Il personale UNIFIL della task force Italbatt consegna medicinali e materiale sanitario a Tibnin e Tiro

Non raccogliete solo nelle scuole, però.
«No. Ci sono anche le parrocchie. La prima chiesa che ci ha sostenuti è quella che frequento. Lì c’è un punto di raccolta stabile. Poi da due anni riceviamo aiuti dal Banco Farmaceutico, anche attraverso la Settimana di Raccolta del Farmaco, e siamo in contatto con varie altre realtà che ci stanno aiutando. La raccolta cresce perché cresce la consapevolezza. Le persone capiscono che una scatola dimenticata in casa può diventare una possibilità di cura per qualcuno».

Una volta arrivati in Libano, chi distribuisce i medicinali?
«Questa è la parte più delicata.
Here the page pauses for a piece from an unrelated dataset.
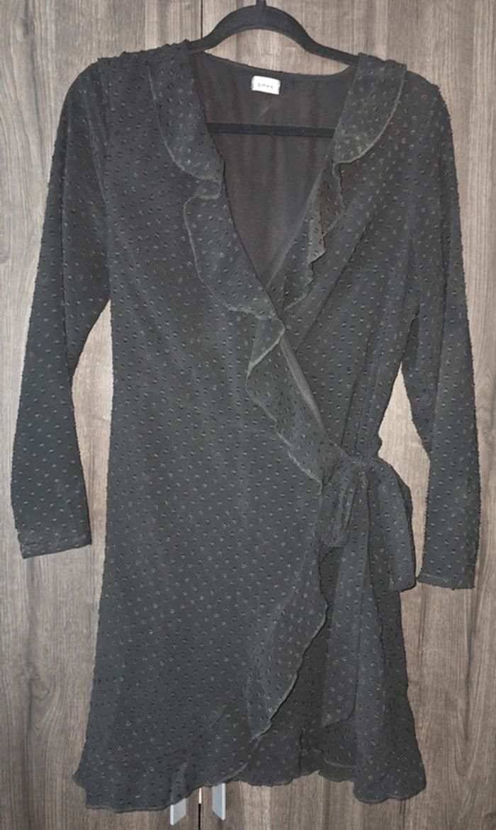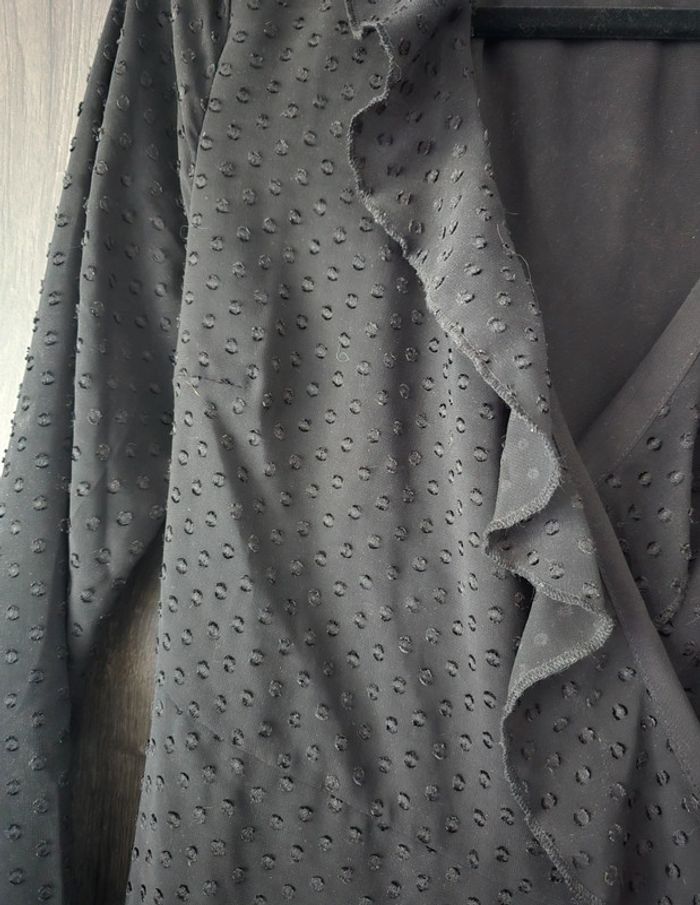Robe noire, cache coeur. La matière et les volants la rende féminine. Taille M. Très bon état

Le parole chiave sono due: fiducia e trasparenza. Non possiamo mandare farmaci senza sapere dove vanno, a chi arrivano e come vengono distribuiti. All’inizio mi sono appoggiata a realtà che conoscevo personalmente, poi la rete è cresciuta, grazie al movimento dei focolarini da circa due anni spediamo i farmaci in Libano. Oggi in Libano abbiamo due riferimenti: un responsabile generale, Georges Douaihy e una responsabile dei farmaci, Danielle Richa. Collaboriamo con ambulatori, ospedali e centri registrati presso il Ministero della Salute libanese o il Ministero degli Affari sociali. Tutto deve avvenire dentro un quadro chiaro e, come dicevamo, le consegne più pericolose vengono svolte dall’Unifil». 

Aiutate soltanto libanesi?
«Assolutamente no. Questo è fondamentale. Noi aiutiamo l’umanità. Non aiutiamo solo i libanesi, solo i cristiani o solo i musulmani. Aiutiamo chi ha bisogno. In Libano ci sono anche siriani, palestinesi, persone fragilissime. Chi collabora con noi deve accettare questa scelta etica: il farmaco va dato a chi ne ha bisogno. Gratuitamente o, dove previsto, con il piccolo contributo stabilito dal sistema sanitario libanese. Ma se una persona non può pagare nemmeno quello, deve riceverlo gratis».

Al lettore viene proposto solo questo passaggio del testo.